Regrettably, your parents just do not and -- probably -- will not understand. Many of us go for decades before realizing the truth and the solution, so I sadly conclude that it is normal to not get it. That makes me think that the real solution for you is to learn to just not care: they brought unwanted gifts from an unwanted source? Smile and throw them out before sunset.
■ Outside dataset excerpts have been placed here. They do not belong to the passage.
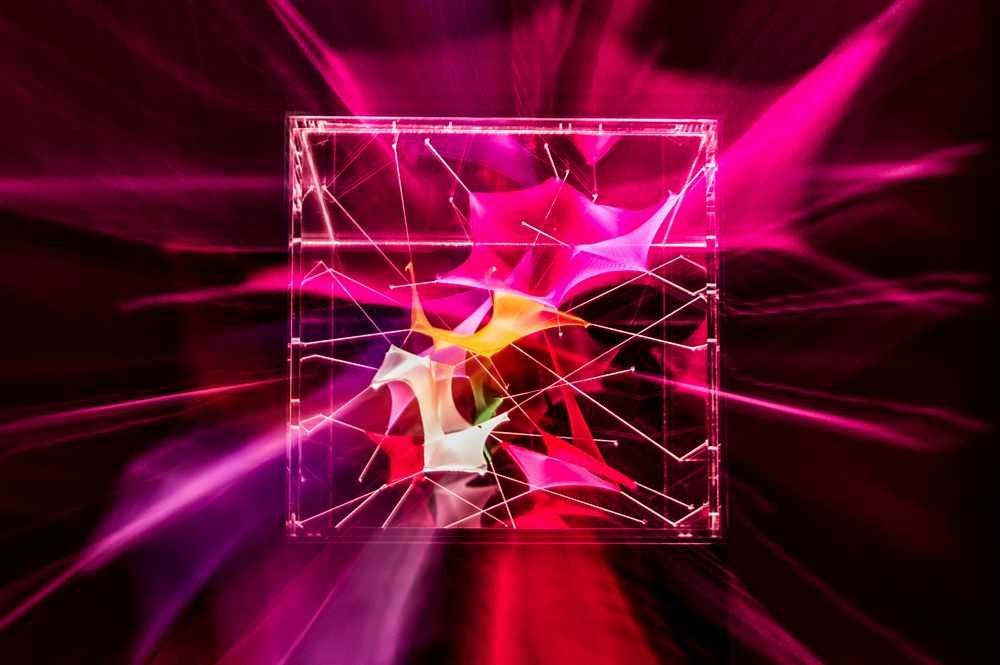 Le opere di Albertí si compongono in reti colorate di lycra semitrasparente, che l’artista adatta, tirandole, in relazione allo spazio, alla ricerca di un equilibrio tra forma e dimensioni dell’ambiente circostante, oppure le ingabbia in cubi trasparenti illuminati, dove il gioco di luci e fili variopinti si riverbera sulle pareti della teca.
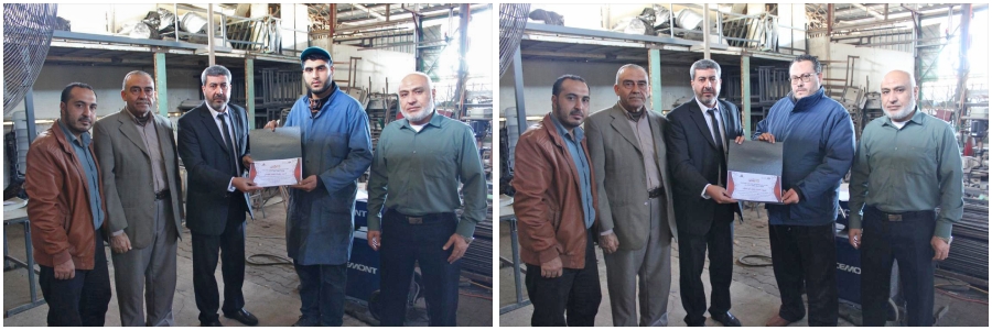 كرّمت مديرية التربية والتعليم في شمال غزة، موظفيها العاملين في ورشة الحدادة التابعة لقسم الصيانة، وذلك لدورهم في إنتاج وصيانة العديد من المشغولات التي تخص العملية التعليمية، وكذلك إنتاج العشرات من الأسرة لوزارة الصحة خلال أزمة كورونا.
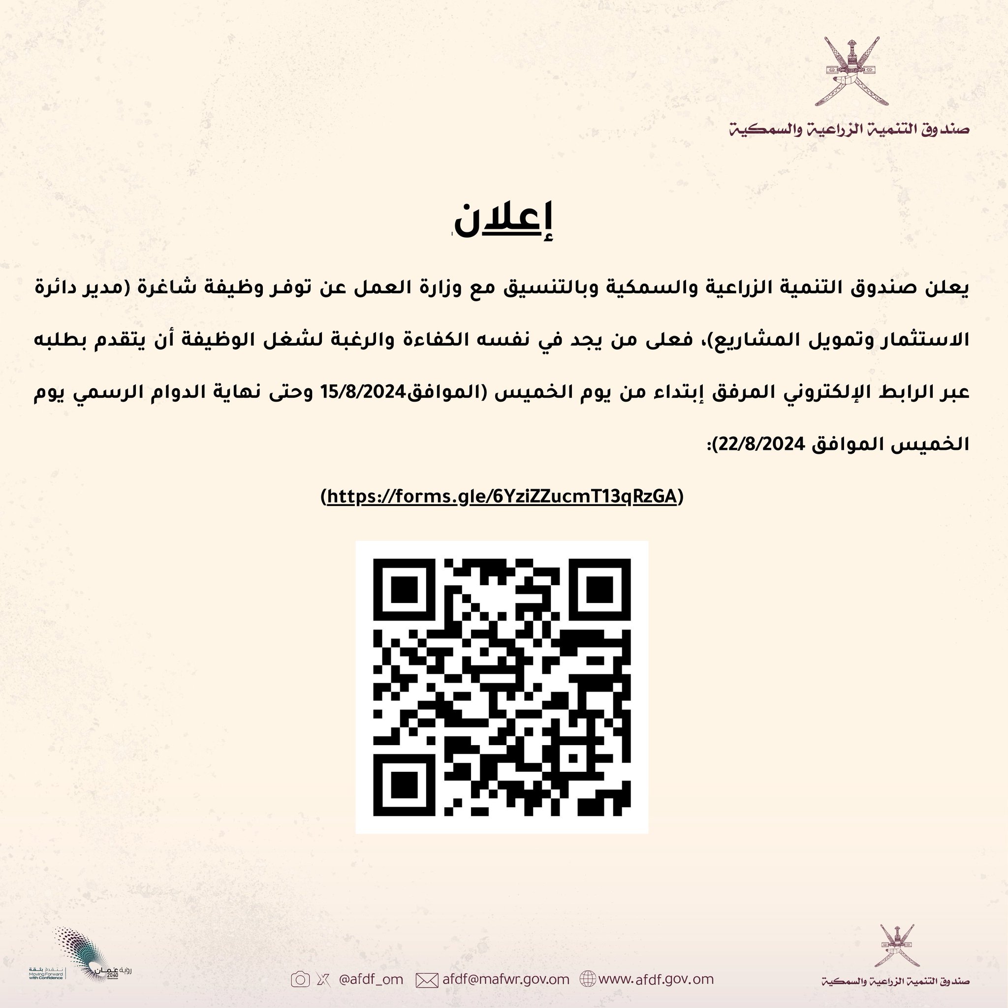 انستجرام : careers__oman تويتر : careers_oman قناة على التلجرام : careers_oman الفيس بوك: careersoman سناب شات : careers_oman تابع جديد الوظائف على أخبار جوجل https://news.google.com/s/CBIwpO6O2q...ar&sceid=OM:ar
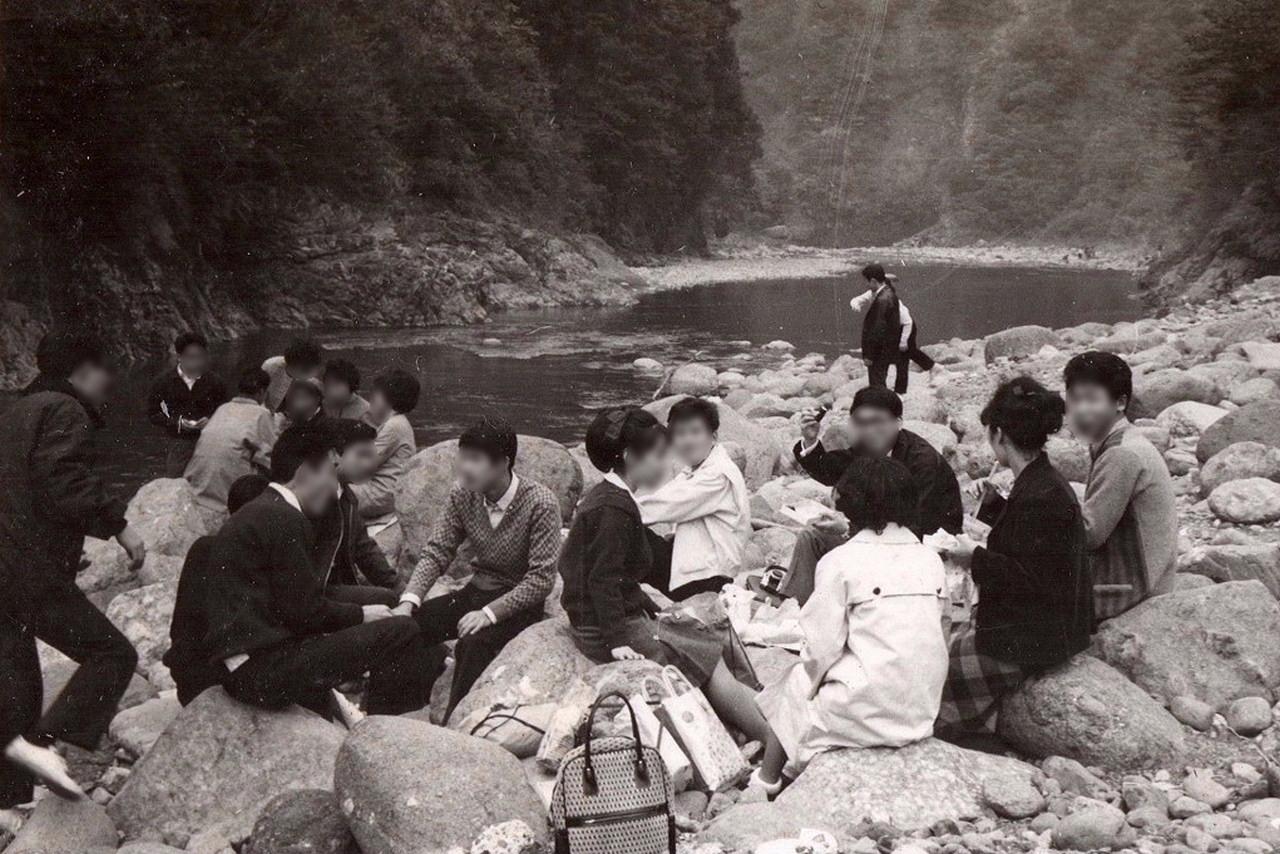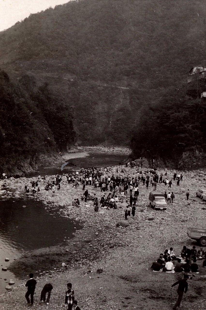 中津峡の河原は、ハイキングで訪れた若者達で賑わっていました。 -
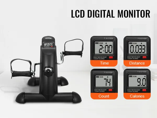 Geeft tijd, aantal, calorieën en afstand weer (in meters). Ook beschikt deze mini hometrainer over een scanfunctie die alle metingen één voor één weergeeft, waardoor je makkelijker jouw fitnessgeschiedenis kunt bijhouden.

It is very important they not betray your privacy or badger you about the relationship, for instance: those are things you must prevent or end. But these slights are bound to continue in some degree. It is a good idea to add this one to your checklist for future special occasions: "Mom and Dad, I do not accept gifts from PDsib, and I need you to promise not to deliver any, however they may be labeled." If you go that route, do it just in time: such conversations often get "forgotten" over the course of a year.
Radical Acceptance, by Brach   |   Self-Compassion, by Neff    |   Mindfulness, by Williams   |   The Book of Joy, by the Dalai Lama and Tutu
Healing From Family Rifts, by Sichel   |  Stop Walking on Egshells, by Mason    |    Emotional Blackmail, by Susan Forward

FoggedFrog

Thank you Starboard Song, I greatly appreciate your words of wisdom and I take them to heart. I have been trying out LC with the rest of my FOO and I feel great. Then I feel guilty for feeling great because I'm sure their feelings are hurt. But I think these are normal complicated emotions to have. Definitely next holidays if we still get together at my place, I will need to lay down the law with no exceptions. It hurts that I even have to do that but I suppose it's a tale as old as time around here!

stowaway77

What a terrible situation. My heart sank more and more as I read your story. I also have a PDsib that would use gift giving as an abuse tactic too so I understand what it's like. You are not making a mountain out of a molehill. There's a reason why you've established boundaries, there's already a history of abuse there and it's absolutely understandable that you would be feeling this way. Your PDsib was probably gleeful as they wrapped the presents and got their kids to write their names on them. You couldn't win in this situation. As soon as your parents handed you the presents, you were screwed. You couldn't decline the gifts without looking like a douche and you couldn't open them without being insulted. Your PDsib is so calculating and manipulative and their purpose was the humiliate you. That is not ok. I really feel for you.

People who haven't been through this experience would NEVER understand. You can try and tell them the story and explain all the past behavior, and about narcissism, etc. They just won't get it. So my advice is to not try and talk to others about it unless you're pretty sure they'll understand. Otherwise they will accuse you of overreacting.

As for parents, they probably won't understand either. I'm trying to figure out why but all I can say is that there are certain parents that value family harmony above all else. And you're disrupting the harmony so yeah, you deserve what's coming to you. You should have a real serious talk to your parents about no contact. No contact means they can't give anything to you of any kind, even if it's labelled as from their kids. (honestly they should've known that your PDsib bought at least some of the gifts, especially for the young kid who could barely write their own name).